Reprendre « sans apport » : ce que ça veut vraiment dire
Exemple : PME de services
- « Sans apport » = sans (ou peu d') apport personnel, pas « sans argent ».
- Le moteur est l'effet de levier : la cible finance en partie son propre rachat.
- 5 leviers remplacent votre capital : dette holding, crédit vendeur, prêts d'honneur/garanties, earn-out, co-investisseurs.
- Votre vrai atout de départ, c'est le dossier (cible rentable + montage crédible), pas votre épargne.
« Racheter une entreprise sans argent personnel » : la formule fait rêver, et elle est vraie — à condition de comprendre ce qu’elle recouvre réellement. Elle ne veut pas dire « sans argent ». Elle veut dire sans (ou avec peu) d’apport personnel, en mobilisant l’argent des autres de façon structurée.
Le malentendu de départ
Quand on débute, on entend « sans apport » et on comprend « gratuit ». C’est le meilleur moyen de perdre du temps et de la crédibilité auprès des banquiers et des cédants. Une reprise mobilise toujours de l’argent — simplement, cet argent n’a pas besoin de venir majoritairement de votre poche. Le vrai principe est celui de l’effet de levier : vous utilisez la capacité de la cible à générer du cash pour financer son propre rachat. L’entreprise se paie en partie toute seule.
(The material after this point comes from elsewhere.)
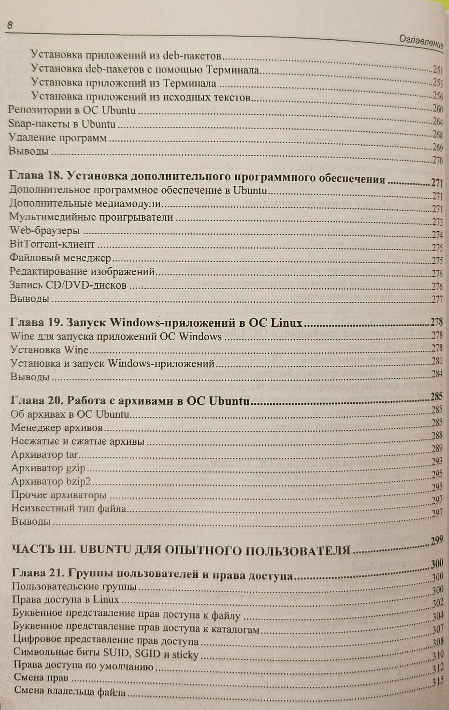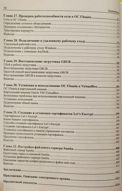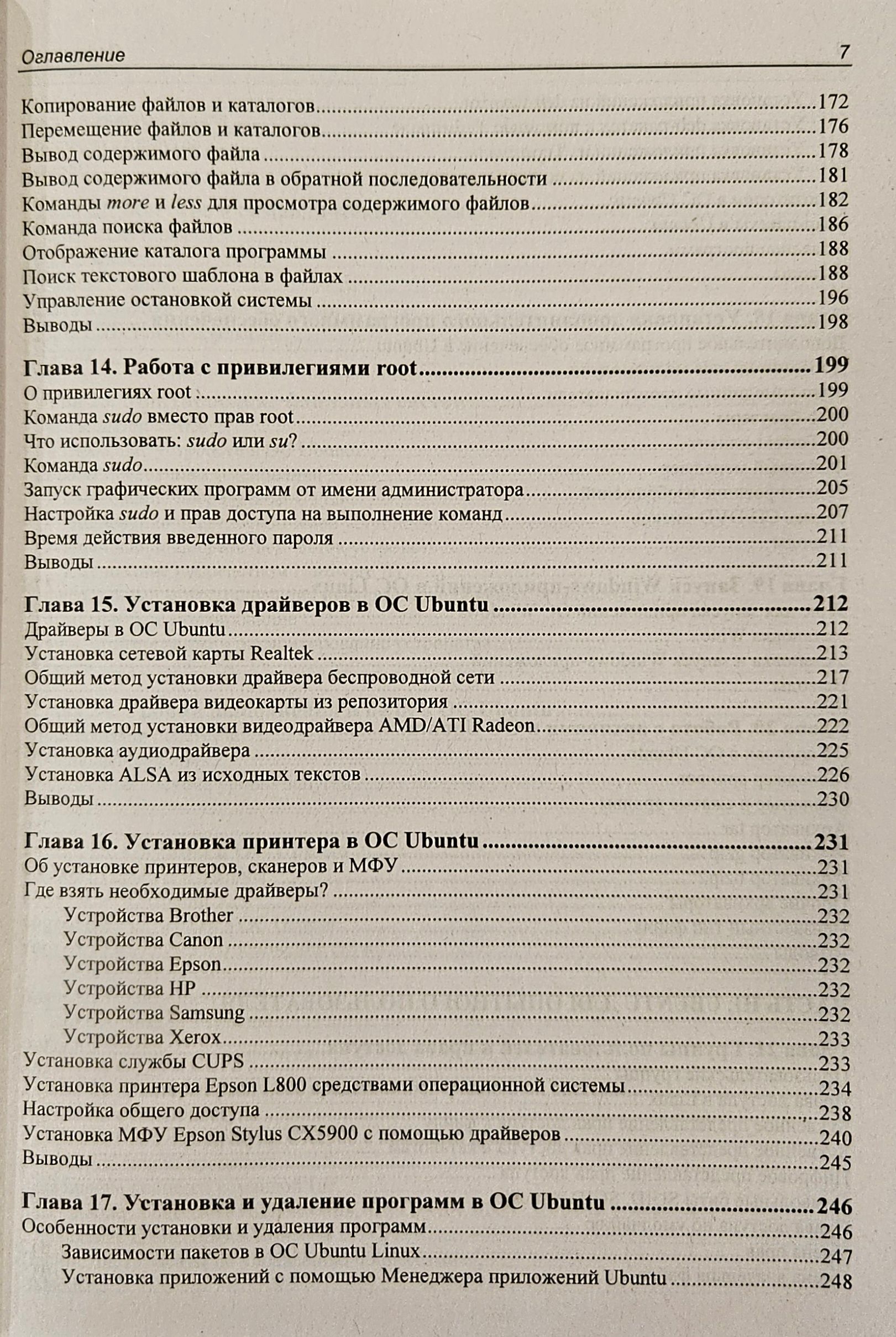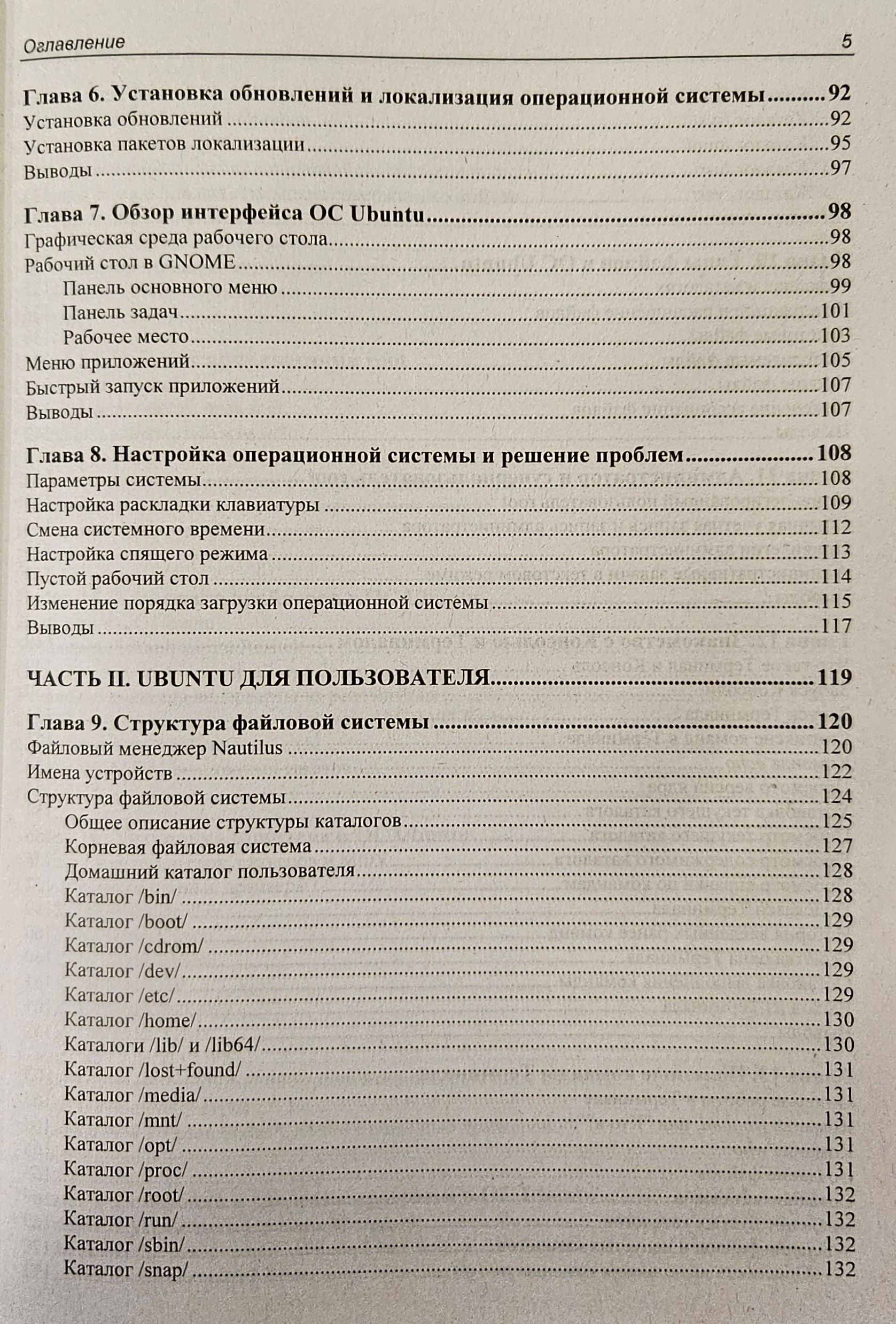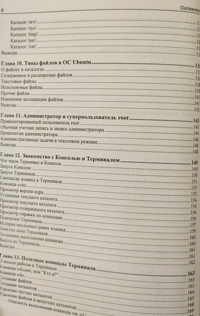 From the point of view of the user, work in the popular Ubuntu Linux operating system is considered, including installation and configuration of the system, drivers for working with printers, scanners and other peripheral equipment. The process of installing programs and setting up an Internet connection is described. Advice on the use of graphic mode and command line. The system services of Ubuntu Linux are described, questions on user access rights are covered. Information on the search for network malfunctions and elimination of system failures is provided. The material is relevant and applicable to other Linux-like operating systems.

Les cinq leviers qui remplacent votre apport
- La dette bancaire via une holding de reprise. Une holding emprunte pour acheter la cible ; les dividendes remontés remboursent l’emprunt. La banque prête parce que les résultats de la cible couvrent l’échéance, pas parce que vous êtes riche.
- Le crédit vendeur. Le cédant accepte d’être payé en partie plus tard. C’est un signe de confiance et cela réduit ce que vous financez au comptant.
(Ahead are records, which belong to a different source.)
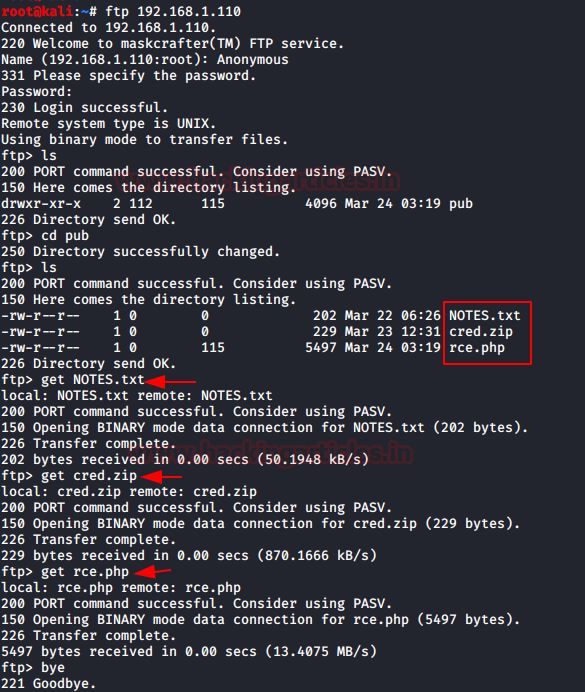 ftp 192.168.1.110 Anonymous ls cd pub ls get NOTES.txt get cred.zip get rce.php
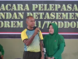 “Dengan penuh rasa hormat, saya mengucapkan terima kasih kepada Danrem 141/Tp, Kasrem, dan para Kasi atas arahan dan kepercayaan yang telah diberikan selama saya menjabat sebagai Dandenma. Terima kasih juga kepada seluruh rekan perwira, prajurit, dan PNS Korem 141/Tp atas kebersamaan dan dukungan yang luar biasa. Semoga silaturahmi dan kerja sama yang baik ini terus terjaga meski nantinya saya bertugas di tempat yang baru”. Ucap Mayor Inf Alfred Tonak
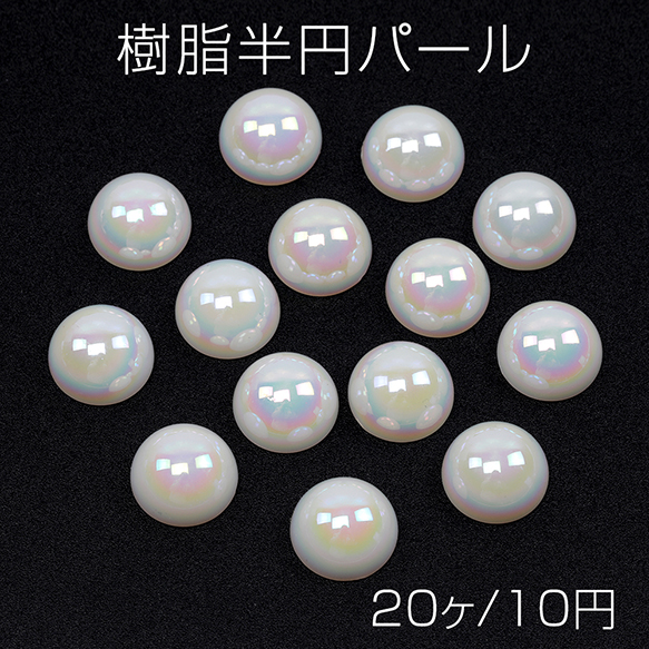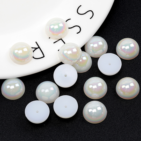 樹脂半円パール アクリル製 オーロラ 半丸 貼り付けパーツ デコパーツ 約14mm(20ヶ)

- Les prêts d’honneur et garanties. Initiative France, Réseau Entreprendre, garanties Bpifrance ou Siagi, « love money » : autant de briques qui renforcent le tour de table.
- Le complément de prix (earn-out). Une partie du prix est indexée sur les performances futures : vous ne la payez que si les résultats sont là.
- Les co-investisseurs et la dette mezzanine. Sur des dossiers plus gros, des investisseurs ou une dette junior complètent le financement.
Un exemple chiffré, du prix au remboursement
Prenons une PME de services : EBE de 200 000 €/an, cédée 600 000 € (environ 3× l’EBE). Un montage réaliste où l’apport personnel ne pèse que 10 % :
- Apport personnel (10 %) : 60 000 €
- Crédit vendeur sur 5 ans : 120 000 €
- Prêt bancaire holding sur 7 ans : 420 000 €
Côté remboursement, années 1 à 5 : un cash disponible (CAF après IS et investissements de maintien) d’environ 135 000 €, une annuité bancaire d’environ 71 000 € et un crédit vendeur d’environ 25 000 € par an, soit un service total de la dette d’environ 96 000 €. Le DSCR (couverture de la dette) ressort à ≈ 1,4 : l’entreprise rembourse sa dette et laisse une marge — la banque suit (elle veut en général un DSCR ≥ 1,2). Dès l’année 6, le crédit vendeur est soldé et la charge tombe à ~71 000 €. Chiffres illustratifs, à adapter à chaque dossier.
Ce que regarde réellement votre financeur
La banque ne demande pas d’abord « combien avez-vous ? », mais : la cible peut-elle rembourser la dette avec ses propres flux ? Le repreneur est-il crédible ? Le prix est-il justifié ? Votre vrai capital de départ, ce n’est pas votre épargne — c’est la qualité de votre dossier.
Restons honnêtes : « sans apport » ne signifie pas « sans rien ». Il faut presque toujours de quoi couvrir les frais (conseils, garanties), un minimum de fonds de roulement, et surtout de la crédibilité. Le montage sans apport est un levier réel, pas un tour de magie — méfiez-vous des promesses de rachat « à zéro euro garanti ».
À retenir
- « Sans apport » = sans (ou peu d’) apport personnel, pas sans argent.
- Le moteur, c’est l’effet de levier : la cible finance en partie son propre rachat.
- Cinq leviers remplacent votre capital : dette holding, crédit vendeur, prêts d’honneur/garanties, earn-out, co-investisseurs.
- Votre vrai atout de départ est le dossier, pas votre épargne.
Exercice
Prenez une annonce d’entreprise à vendre. Repérez son résultat/EBE annuel. Si vous empruntiez le prix demandé sur 7 ans, l’entreprise pourrait-elle rembourser l’échéance annuelle avec ses résultats, tout en gardant une marge ? Notez oui / non / à vérifier. Ce réflexe filtrera à lui seul la majorité des dossiers.